La expresión de Kimura evidencia la angustia que le provoca esa idea.

—¿Qué quieres decir con eso?

—Me va a llamar a la hora a la que se supone que deberíamos llegar a cada una de las estaciones: Omiya, Sendai..., hasta llegar a Morioka. Para ver si estoy bien. Si no contesto y cree que me ha pasado algo malo...

—¿Quién es? ¿Uno de tus amigos?

—No, no. Como le dije antes, la gente hace cosas por muy distintas razones. A algunos les gustan las chicas, otros quieren dinero. Lo crea o no, hay adultos cuya concepción del bien y del mal está por completo atrofiada y son capaces de hacer prácticamente de todo.

—¿Y qué va a hacer tu secuaz?

—Al parecer, solía trabajar en una empresa de instrumental médico. No le costará nada inutilizar la máquina de la que depende la vida de su hijo.

—Y una mierda. No será capaz de hacer nada.

—Bueno, no lo sabremos hasta que lo intente. Como dije, está ubicado en un lugar muy cercano al hospital. Esperando la señal. Lo único que tengo que hacer es llamarlo y darle luz verde. Y si me llama, aunque no se trate de una de las llamadas acordadas al llegar a cada una de las estaciones, y el celular suena más de diez veces sin que lo conteste, también tendrá luz verde. Irá al hospital y comenzará a toquetear el respirador de su hijo.

—Vaya conjunto de reglas. Básicamente, todo son luces verdes. ¿Y si estamos en un lugar en el que tu celular no tiene cobertura?

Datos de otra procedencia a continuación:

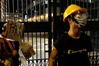 송환법 반대 시위자 44명에 폭동 혐의가 적용된 사실이 알려지자, 시민 수백명이 콰이청경찰서 앞에 모여 항의하고 있다. 팻말에는 석방을 뜻하는 '放人(방인)'이 적혀있다. /사진=로이터 |
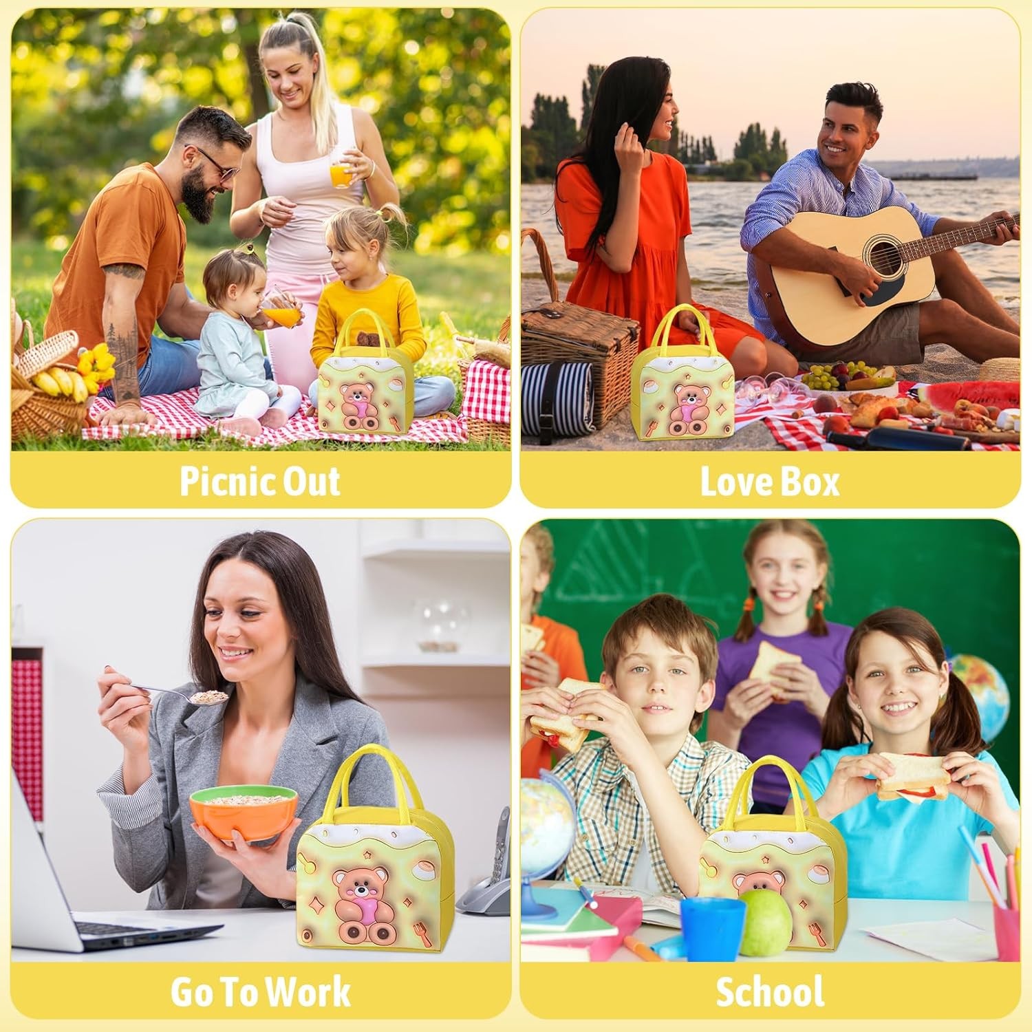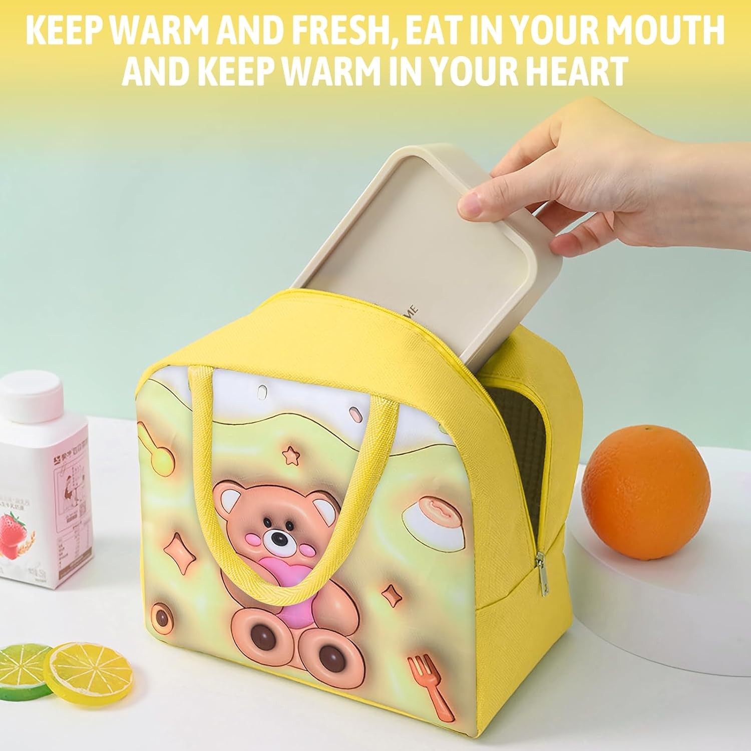 Geantă Frigorifică, Flippy, cu Desene Animate 3D, Portabilă pentru Copii, de Prânz, din Pânză Oxford, 23x13x19 cm, Model Ursulet, Galben
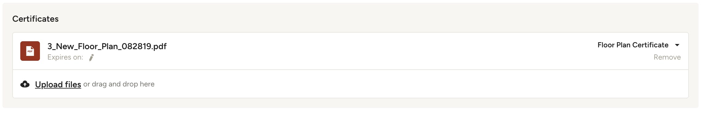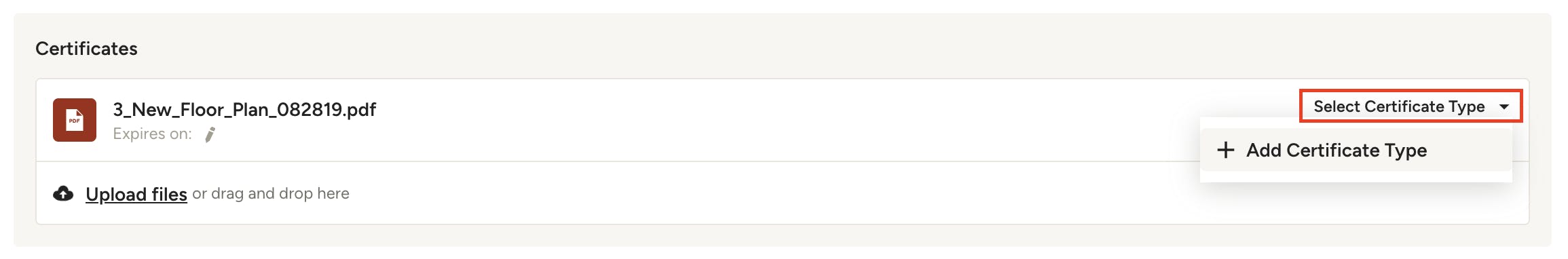 Once you upload a file, you can select the documentation type from the Select Certificate Type dropdown. If you don't see a relevant type listed, you can add your own at the bottom of the dropdown.
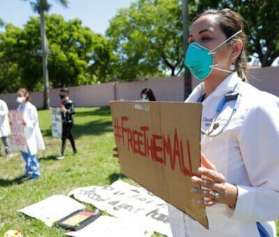 La Dra. Claudia Álvarez sostiene un letrero que dice “#Libéralos a todos” mientras protesta por las condiciones que enfrentan los detenidos por la Po

—Han estado instalando antenas en los túneles de tren, así que no creo que eso suceda. Pero será mejor que rece para que no ocurra, por si acaso. De todas maneras, si intenta usted algo raro, me limitaré a no contestar el celular cuando me llame. Quizá baje del tren en Omiya, me vaya al cine y apague el celular un par de horas. Para cuando salga, algo terrible le habrá pasado al sistema de respiración artificial de su hijo.

—Estás mintiendo. — Kimura lo fulmina con la mirada.

—No estoy mintiendo. Siempre hablo por completo en serio. Creo que tal vez es usted quien intenta salirse con la suya.

Los dilatados orificios nasales de Kimura revelan que está a punto de explotar, pero al final parece caer en la cuenta de que no hay nada que pueda hacer. Su cuerpo rígido se relaja de golpe y se hunde en el asiento. La azafata llega a su altura con el carrito y el Príncipe aprovecha para comprar más bombones. Por alguna razón, la mujer no se da cuenta de que las manos y los pies de Kimura están atados. Al Príncipe le provoca una gran satisfacción verlo sentado a su lado con la boca cerrada y el rostro enrojecido.

—Debería estar prestándole atención a mi celular, señor Kimura. Si recibo una llamada y suena diez veces, el desenlace no le gustará nada.